- _Work order_: Transcribe the listing in full, excluding any pictures.

- _Source material_:
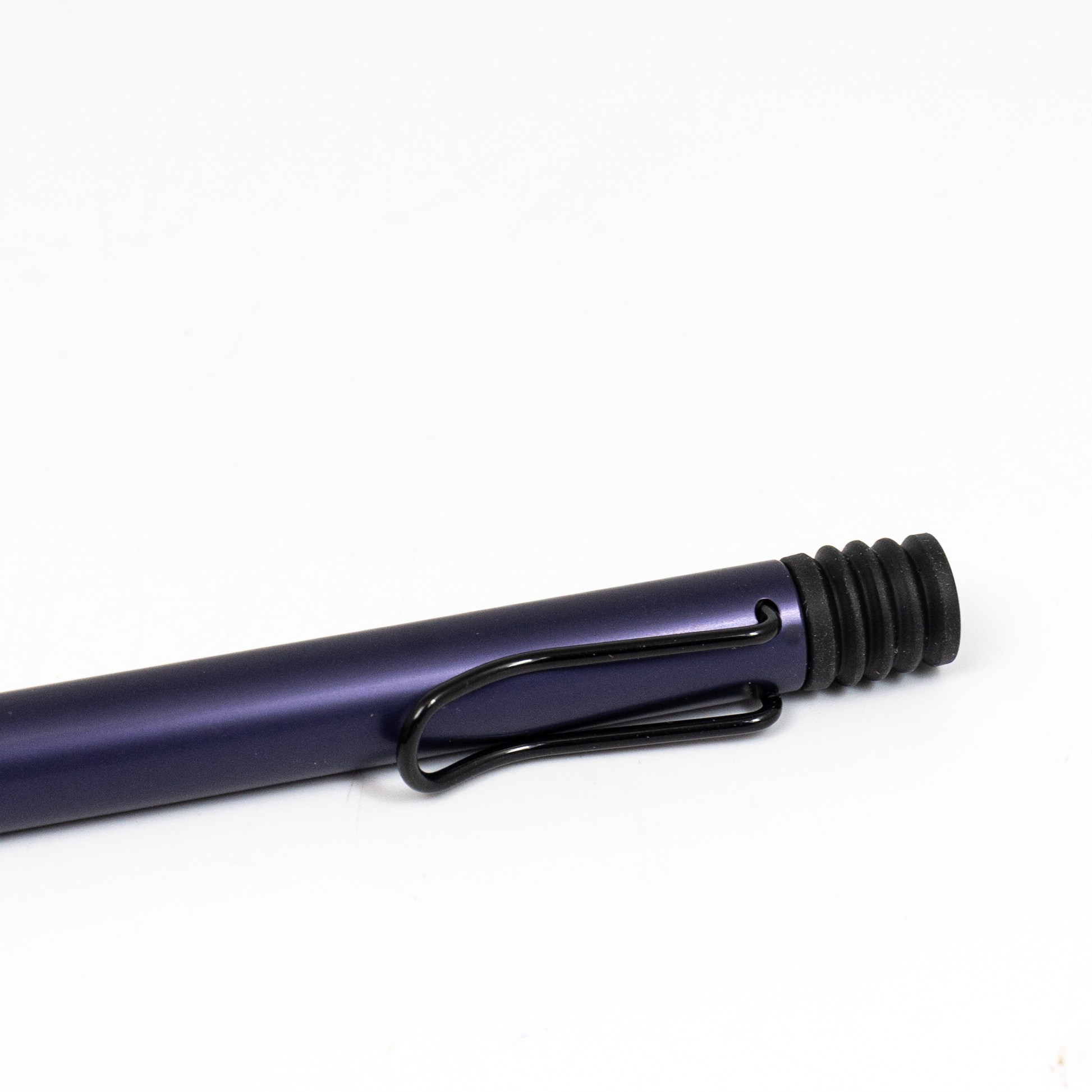 Lightweight ballpoint pen with ergonomic grip made of high-quality transparent plastic. Distinctive metal clip and resistant body made of anodised aluminium. Including giant ballpoint pen refill LAMY M 16 in size M in black.
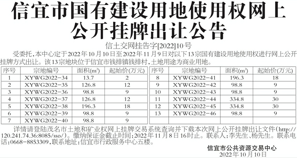 信宜市国有建设用地使用权网上公开挂牌出让公告
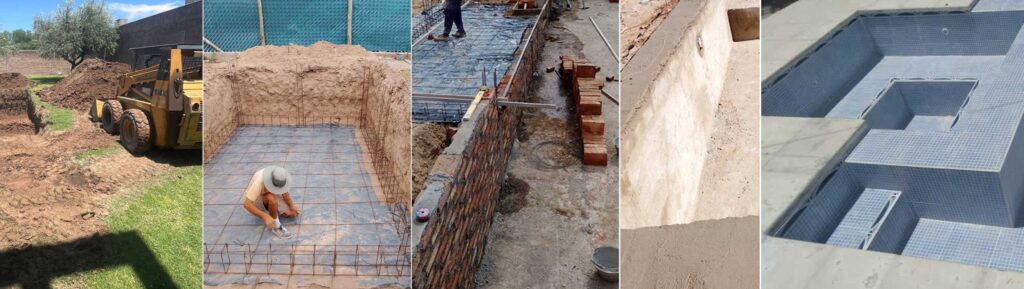 Una vez definido el lugar, se procede al replanteo y excavación del pozo, con maquinaria especial o de forma manual según el espacio disponible. Aquí entra en juego la precisión: respetar medidas, niveles y prever pendientes. Luego se realiza la base estructural del suelo y la colocación de una losa de hormigón.
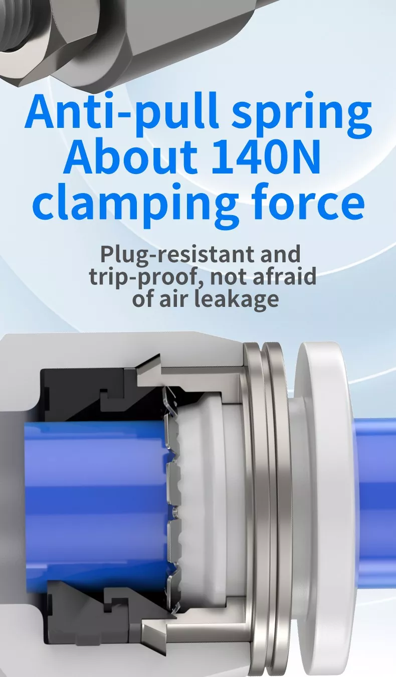 फिटिंगच्या टोकापासून वाहणारी हवा नियंत्रित करा. थ्रेडेड एंडमधून बाहेर पडणाऱ्या फिटिंग्जमधून येणारी हवा निर्बंधाशिवाय असते.
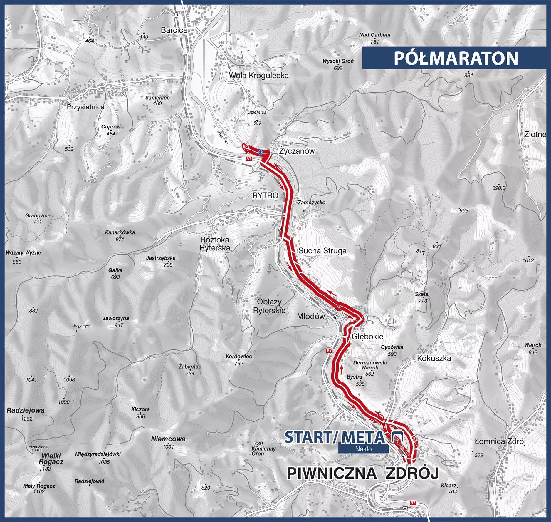 Jak już pisaliśmy, uczestnicy półmaratonu nie będą startowali ze Starego Sącza. Start nastąpi o godzinie 9 z Nakła, potem trasa półmaratonu śladami św. Kingi wiedzie w stronę Barcic i na osiedlu Facimiech, dokładnie między Życzanowem i Barcicami, po przebiegu niecałych 10 km, nastąpi nawrotka. Trasa jest już wyraźnie oznakowana. Zawodnicy zawracają i tą samą trasą biegną do mety.
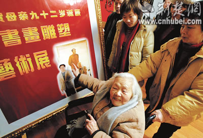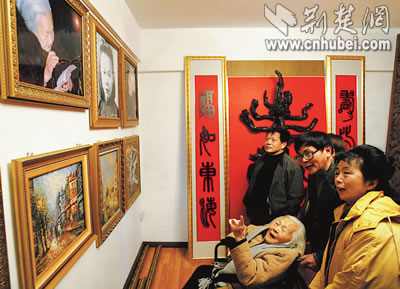 “這是特意為您準(zhǔn)備的生日禮物!”年過六旬的盧永瀚攙扶著92歲的母親,在根雕、油畫面前仔細(xì)講解。“這個(gè)根雕是壽字!”孫女插話說:“就是祝您長壽,活過100歲!”慧老太太邊看邊比劃著,樂得合不攏嘴,用濃重的江浙口音說:“好、好!”

- _Task answer_:
 Lightweight ballpoint pen with ergonomic grip made of high-quality transparent plastic. Distinctive metal clip and resistant body made of anodised aluminium. Including giant ballpoint pen refill LAMY M 16 in size M in black.
 信宜市国有建设用地使用权网上公开挂牌出让公告
 Una vez definido el lugar, se procede al replanteo y excavación del pozo, con maquinaria especial o de forma manual según el espacio disponible. Aquí entra en juego la precisión: respetar medidas, niveles y prever pendientes. Luego se realiza la base estructural del suelo y la colocación de una losa de hormigón.
 फिटिंगच्या टोकापासून वाहणारी हवा नियंत्रित करा. थ्रेडेड एंडमधून बाहेर पडणाऱ्या फिटिंग्जमधून येणारी हवा निर्बंधाशिवाय असते.
 Jak już pisaliśmy, uczestnicy półmaratonu nie będą startowali ze Starego Sącza. Start nastąpi o godzinie 9 z Nakła, potem trasa półmaratonu śladami św. Kingi wiedzie w stronę Barcic i na osiedlu Facimiech, dokładnie między Życzanowem i Barcicami, po przebiegu niecałych 10 km, nastąpi nawrotka. Trasa jest już wyraźnie oznakowana. Zawodnicy zawracają i tą samą trasą biegną do mety.
 “這是特意為您準(zhǔn)備的生日禮物!”年過六旬的盧永瀚攙扶著92歲的母親,在根雕、油畫面前仔細(xì)講解。“這個(gè)根雕是壽字!”孫女插話說:“就是祝您長壽,活過100歲!”慧老太太邊看邊比劃著,樂得合不攏嘴,用濃重的江浙口音說:“好、好!”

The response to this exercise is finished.